Composition of the microbial community (beta diversity) was significantly different between tank biofilm and fish gut microbiome (PERMANOVA: Bray Curtis dissimilarity R2 = 0.28, p = 0.002; UniFrac distance metric R2 = 0.31, p = 0.002). However, beta diversity did not differ between enriched and standard tanks in tank biofilm (PERMANOVA: Bray Curtis dissimilarity R2 = 0.04, p = 0.2; UniFrac distance metric R2 = 0.03, p = 0.29) or gut microbiome (Bray Curtis dissimilarity R2 = 0.01, p = 0.32; UniFrac distance R2 = 0.01, p = 0.51) (Fig. S4). Moreover, microbial composition of the tank biofilm tended to differ between the fish populations (Bray Curtis dissimilarity R2 = 0.11, p = 0.053; UniFrac distance metric R2 = 0.12, p = 0.052), but this was not observed for fish gut microbiome (Bray Curtis dissimilarity R2 = 0.03, p = 0.08; UniFrac distance R2 = 0.04, p = 0.08) (Fig. S5).
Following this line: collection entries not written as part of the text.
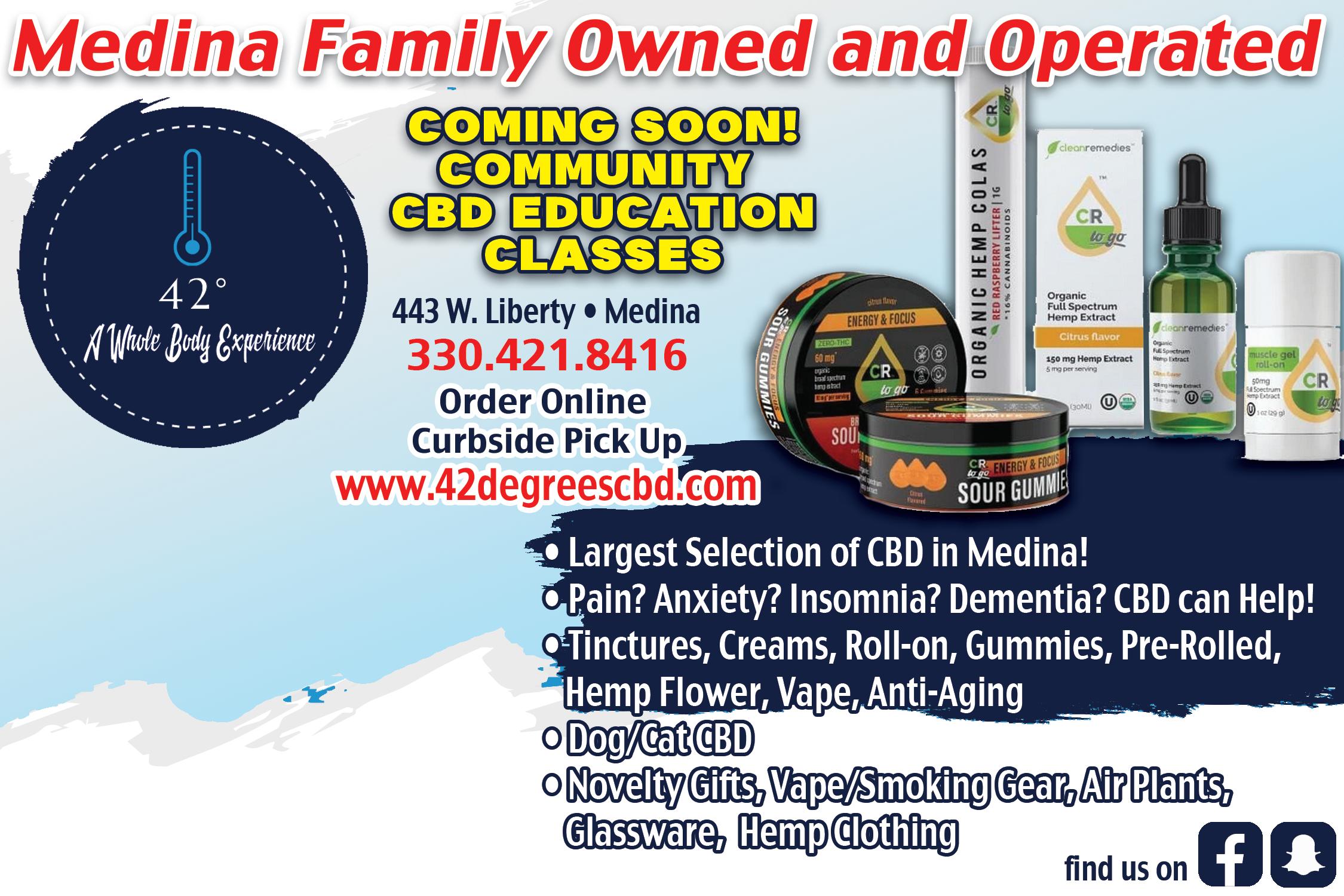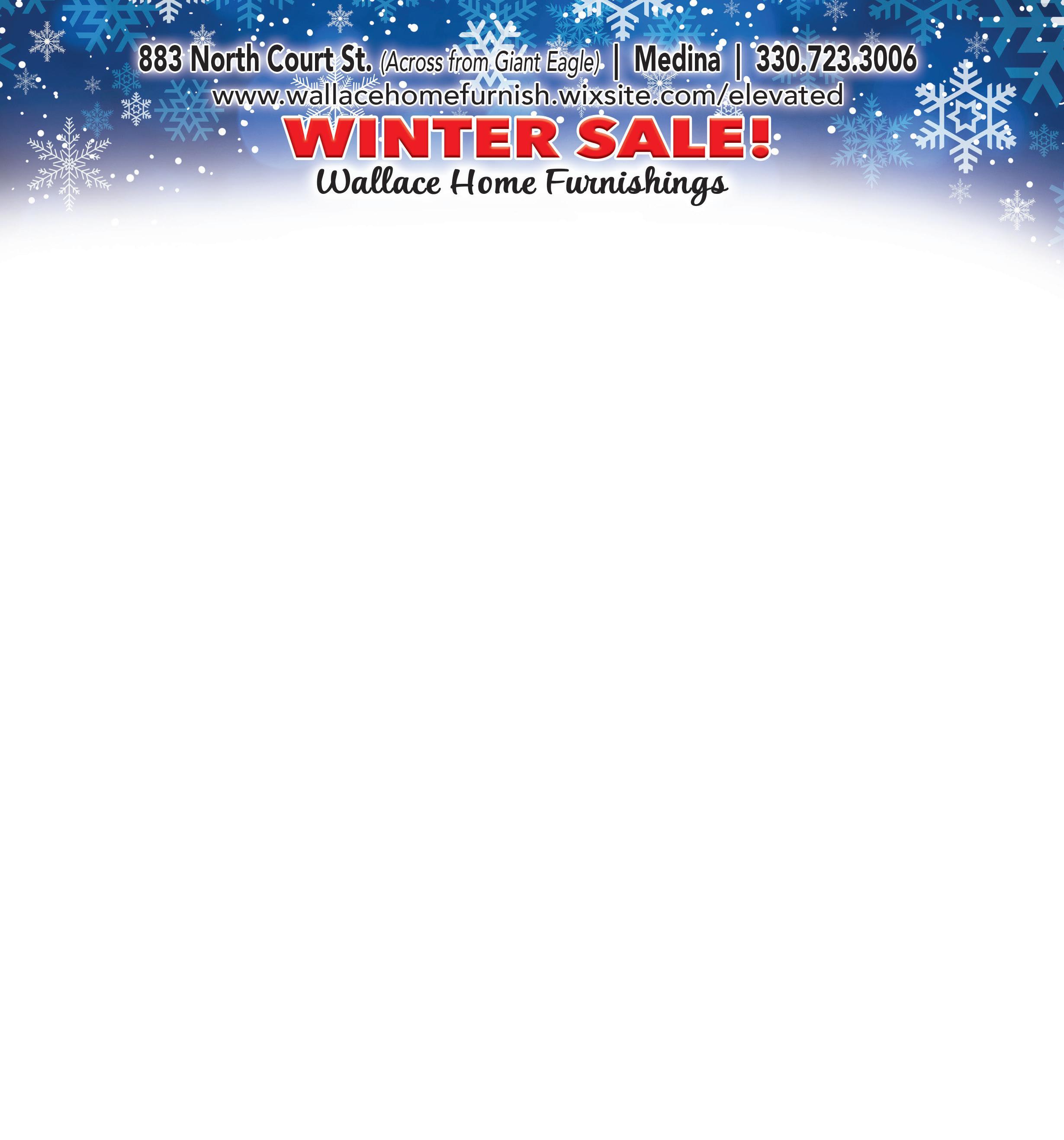 WWW.SPECIALTOUCHCLEANERS.COM Miss Me at Giant Eagle? Firemark insurance agency, inc. Tom DeMarco (330) 635-9480 tomdemarco@zoominternet.net • Medicare Advantage Plans (Most Major Companies Available) • Advantage Plans/Supplements • Zero Premium Plans • Dental, Hearing, Transportation, Meals & Vision Included • Also Included Personal Emergency Response System - No Charge! • Senior Insulin Savings Program Available 10% OFF Your Purchase Not valid with any other offer or discount. Must present coupon at time of purchase. Expires 2/11/21 330-723-1112 Mon & Tue 11am-8pm Wed 11am-6pm Thur & Fri 11am-8pm Sat 10am-8pm • Sun 1-5pm Reservations and Walk-Ins Welcome Gift Certificates Available Please call for more details & sign-up 233 S. Court St. • Historic Medina Kids Clay Prints Friday, January 15th by Appointment Kids Paint Me A Storytime Monday, January 18th @ 4:30pm Adult Clay Workshop Friday, January 21st @ 6pm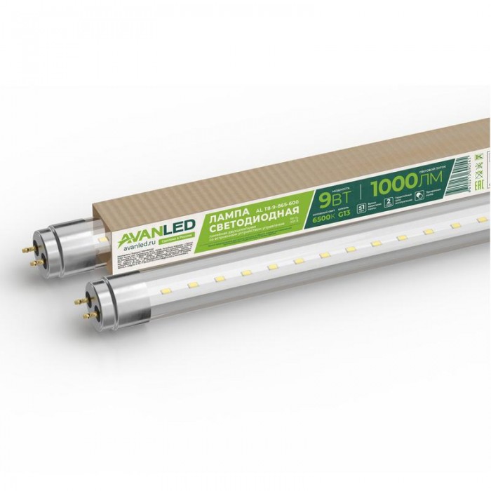 Лампа светодиодная AL T8-9-865-600 9Вт прозрачная 6500К холод. бел. G13 1000лм 195-265В (пр-во РФ) AVANLED 11206651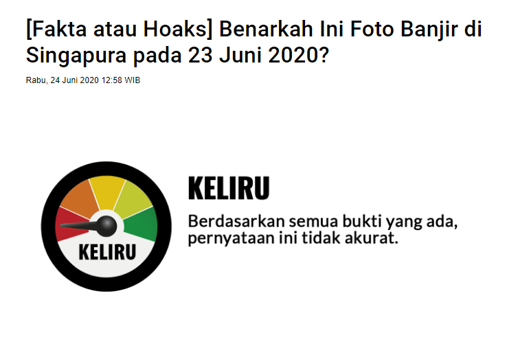 Bukan foto banjir di Bedok, Singapura. Foto itu merupakan foto banjir di Guangzhou, Guangdong, Cina, pada 22 Mei 2020. Meskipun begitu, di Singapura, memang terjadi banjir bandang pada 23 Juni 2020.
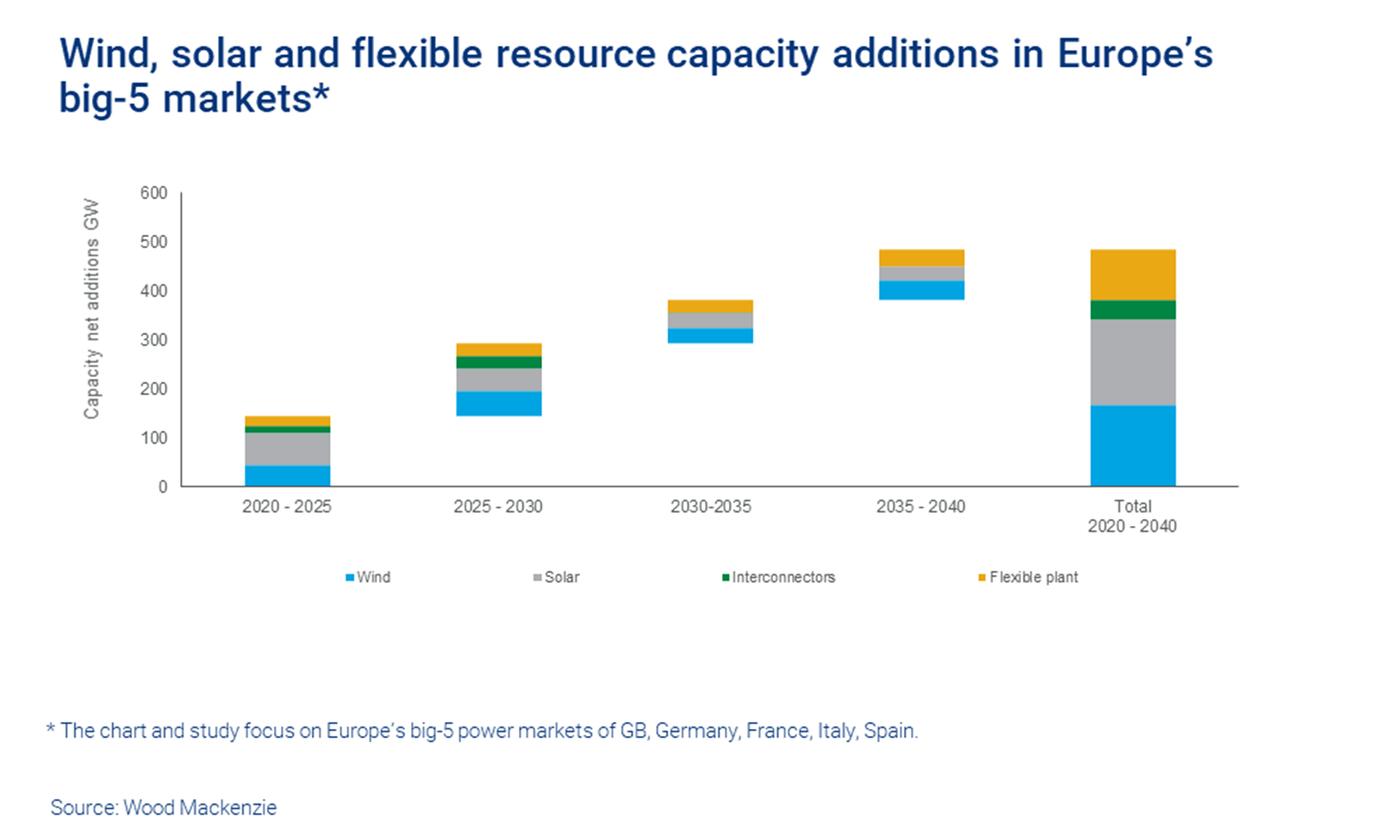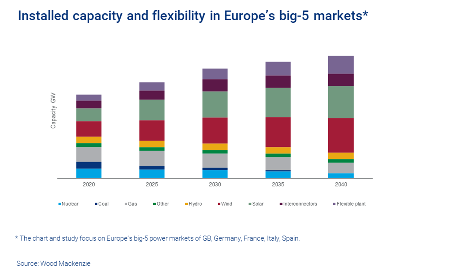 A combination of wind and solar power, otherwise known as Variable Renewable Energy (VRE), could make up the largest share of power capacity throughout Europe’s major markets – The United Kingdom, Germany, France, Italy and Spain – as early as 2023.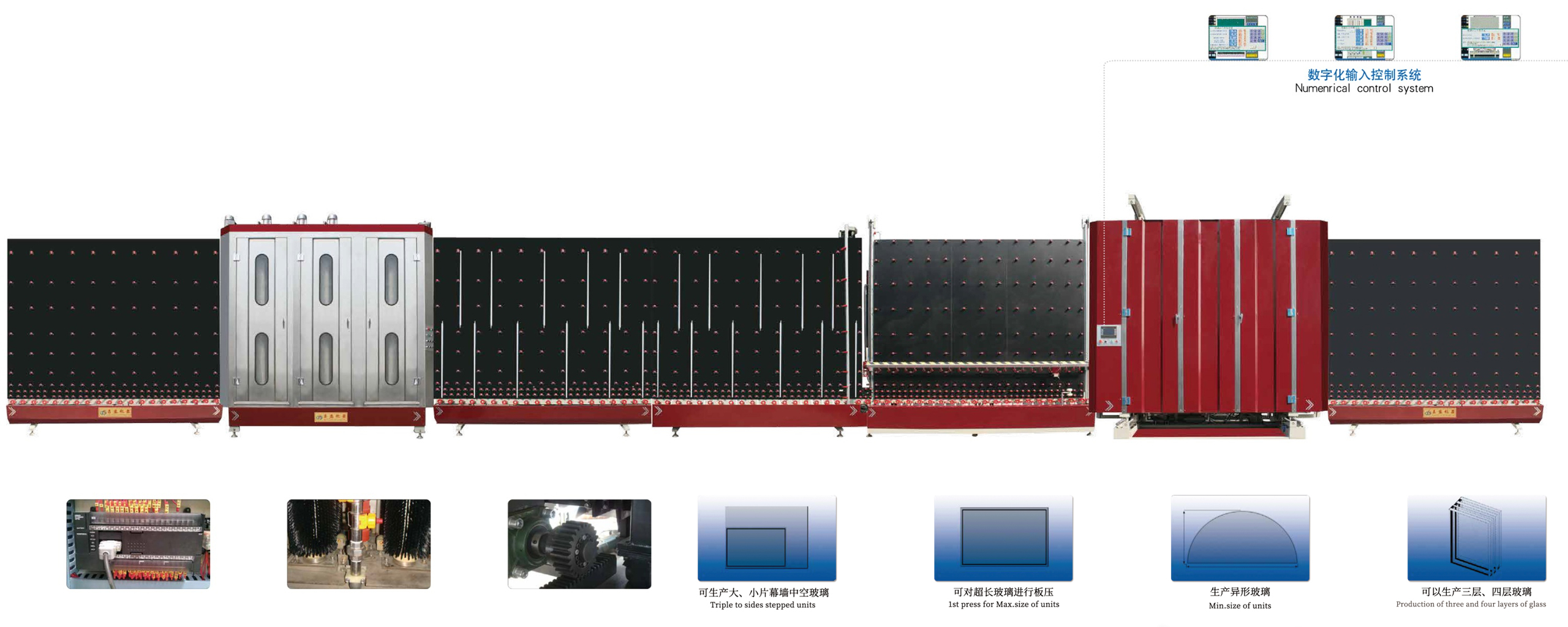 自动数控半岛(中国)(可生产LOW-E中空玻璃) 清洗机采用3对毛刷设计及对LOW-E玻璃专用毛刷避免膜损伤。

Microbial communities of the gut samples were more heterogeneous, i.e. showed higher inter-individual variation, compared to biofilm samples between the tanks (KW: χ2 = 76.5, p < 0.001). Moreover, gut microbial communities exhibited larger inter-individual variation in the enriched tanks compared to standard tanks (KW: χ2 = 11.1, p < 0.001), despite their similar overall variance (permutest pseudo-F = 0.7, p = 0.3). In contrast, microbial communities of tank biofilm were more uniform in enriched tanks compared to standard tanks (KW: χ2 = 5.63, p = 0.01) (Fig. 2).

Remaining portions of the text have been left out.